Inside, the house was warm, decorated in the bright colors of Lydia Chavez’s birth country, Jamaica. I followed the chief into the kitchen, where I kissed Lydia on the cheek and said hello to each of the kids. All of them ignored me, intent on carving their pumpkins. Spooky Halloween sound effects were blaring from a set of speakers set high on the wall. The kids worked at the kitchen table; there were seeds and pumpkin innards splattered everywhere. Fake cobwebs, plastic spiders, and rubber rats completed the tableau.
As the chief and I stepped out onto the porch, Lydia pulled a tray of chocolate chip cookies from the oven, the smell wafting across the room and nearly drawing me back into the pumpkin-carving circus.
Lydia grinned at the conflicted look on my face. “I’ll save you a few.”
Though the backyard was fenced, it was the fencing that was popular in so many subdivisions: low, open slats, so that the fence was more a token of boundary lines and not necessarily designated to keep things in … or out.
The yard had recently been raked. Mottled leaves that had once been the color of flames in a fireplace sat in three tidy piles. The trees were bare and there was a sense of weight in the air, of something soon arriving, or something recently left.
We stood against the railing, resting our arms on it, leaning forward.
“Terry Bellington is dying,” Chavez said. He finished his beer and crushed the can, then tossed it at the closest pile of leaves. “Cancer.”
“I’m sorry to he
ar that.” Terence Bellington was the former mayor of Cedar Valley and one of Chavez’s best friends. The year before, though, his family had been involved in a murder investigation, the ripples of which tore apart both family and friendships. “Have the two of you stayed in touch?”

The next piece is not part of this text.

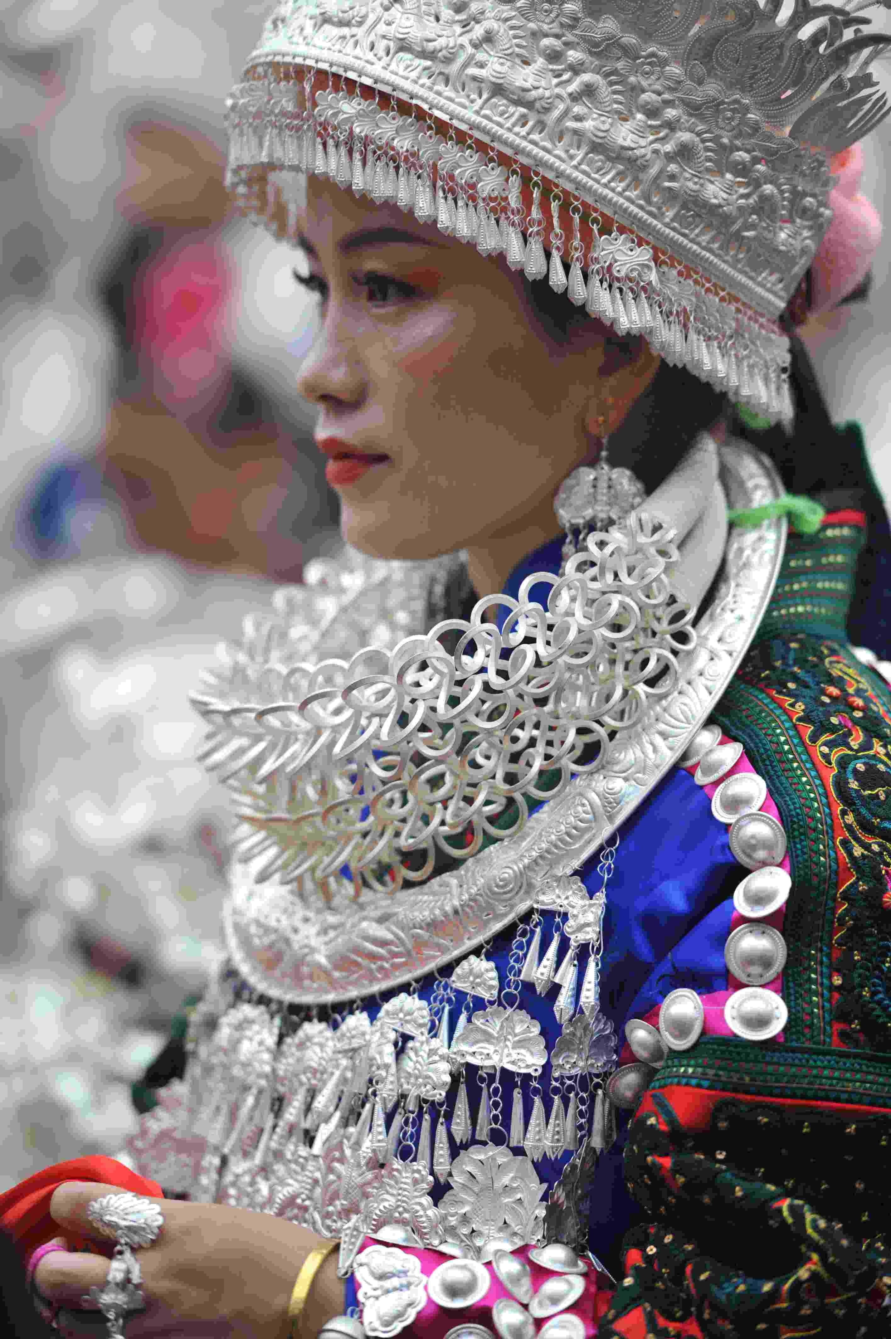 2023年5月2日,貴州省臺江縣,苗族女子盛裝參加“姊妹節(jié)”游演。

“No, not really,” Chavez said, “In fact, until yesterday, we hadn’t spoken in ages. He’s on hospice care now, at his home. The cancer came back four months ago. It sounds as though Terry’s made peace with it.”
“Will you see him?”
“I don’t know. He didn’t ask for me to come. Do you think I should? What would I say?”
I shrugged. “You two were close once, for a long time. Dying shouldn’t be lonely, Chief. If the situation was reversed, what would you want?”
At my side, Chavez was silent. I studied him out of the corner of my eye, the pockmarked skin on his face, the receding hairline, the way his ears seemed too big for his face. These descriptions sound like petty things, but in a society where first impressions are everything, his features marked the chief as plain, average. Some might even say ugly.
Chavez was one of the best men I knew, with a razor-sharp intellect and a heart of gold. His beauty lay on the inside, in his heart, his character.
After a moment, he said in a low voice, “I’d want to see him. Everything that happened last fall … you know none of that was Terry’s fault. He lost everything, including his whole family, and why? Because of other people’s choices, other people’s decisions. He’s a broken man. A broken, dying man.”
“Go to him, Chief.”
“I will. Enough melancholy. What’s going on, Gemma? When we spoke earlier, I heard fear in your voice.”
I pushed off the fence and turned to the north, looking out at the Old Cabin Woods. Though the sun was still high in the sky, and clouds were few and far between, the woods remained dark, under shadows of their own. “The truth is, I am scared. Have you ever heard of a man named Josiah Black?”
“Sounds vaguely familiar…” Chavez thought a moment. I knew that after he moved to Cedar Valley, when he first started on the force, he took it upon himself to learn as much history as he could. Finally, he shook his head. “I can’t pinpoint it.”